The ALRC recommends development of an Inquiries Handbook "containing information for those responsible for establishing and administering inquiries, inquiry members, inquiry participants and members of the public on a range of matters relating to Royal Commissions and Official Inquiries". The Handbook would include information on the establishment and administration of inquiries, appointment of inquiry members, inquiry powers, protections and procedural aspects of inquiries, and use and protection of national security information by inquiries. The Handbook would not have statutory force.

The report discusses publication requirements, noting that the Royal Commissions Act does not require the tabling in Parliament of Royal Commission reports. The ALRC recommends that the Inquiries Act should contain a presumption that reports of Royal Commissions and Official Inquiries will be tabled by the Australian Government within 15 sitting days of receiving the inquiry’s final report, consistent with principles of government openness and accountability (and with requirements in similar federal, state and territory legislation). The Australian Government should publish an update on implementation of recommendations of an inquiry that it accepts: one year after the tabling of the final report of a Royal Commission or Official Inquiry; and periodically thereafter to reflect any ongoing implementation activity.

Given the concern about the high costs of inquiries and difficulties in accessing existing sources of information about those costs the ALRC recommends that the Inquiries Act should require the Government to publish summary information about the costs of completed Royal Commissions and Official Inquiries within a reasonable time after the inquiry has concluded. That summary information should itemise fees and allowances paid to the inquiry head and counsel assisting, financial assistance to witnesses and other participants for legal and non-legal costs, staff costs, ICT costs, office accommodation and other operational expenditure.

The ALRC discusses the statutory framework for handling national security information, noting that the Royal Commissions Act does not feature any provisions dealing specifically with protection of information that may prejudice national security during/after an inquiry. The ALRC considers that special procedures and powers regarding national security information are warranted. It argues that in determining the use or disclosure of information in the conduct of an inquiry (eg claims for public interest immunity regarding national security information or security clearance requirements for inquiry staff) inquiry members may benefit from expert advice that is independent of the provider of the information. It suggests that the Inspector-General of Intelligence & Security (IGIS) is "ideally qualified to give such advice" and that the proposed Inquiries Act should empower an inquiry member to request advice or assistance from the IGIS concerning damage or prejudice to national security in connection with use or disclosure of such information.
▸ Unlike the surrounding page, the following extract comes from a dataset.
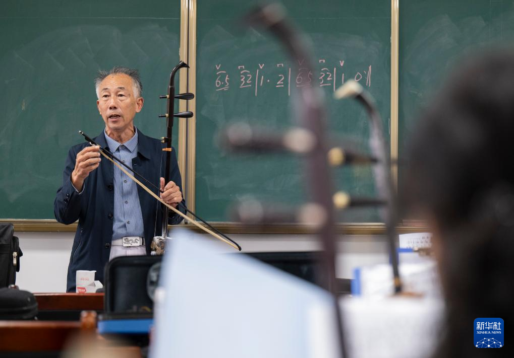 10月15日,在孝昌县老年大学,老师为学员们上二胡课。

The report comments that -
The historical and political relationship between Indigenous peoples and the rest of the Australian community is unique. Further, public inquires have affected, and have the potential in the future to affect, the rights and interests of Indigenous peoples. In order to ensure that the special needs of Indigenous peoples participating in an inquiry are addressed adequately by an inquiry, the ALRC recommends that a Royal Commission or Official Inquiry looking into matters that may have a significant effect on Indigenous peoples should be required to consult with Indigenous groups, individuals and organisations to inform the development of procedures for an inquiry.
That duty to consult would arise only where the inquiry was likely to have a significant effect on Indigenous peoples (ie would not arise merely because an Indigenous witness was called to give evidence in an inquiry which otherwise had no special bearing on Indigenous interests).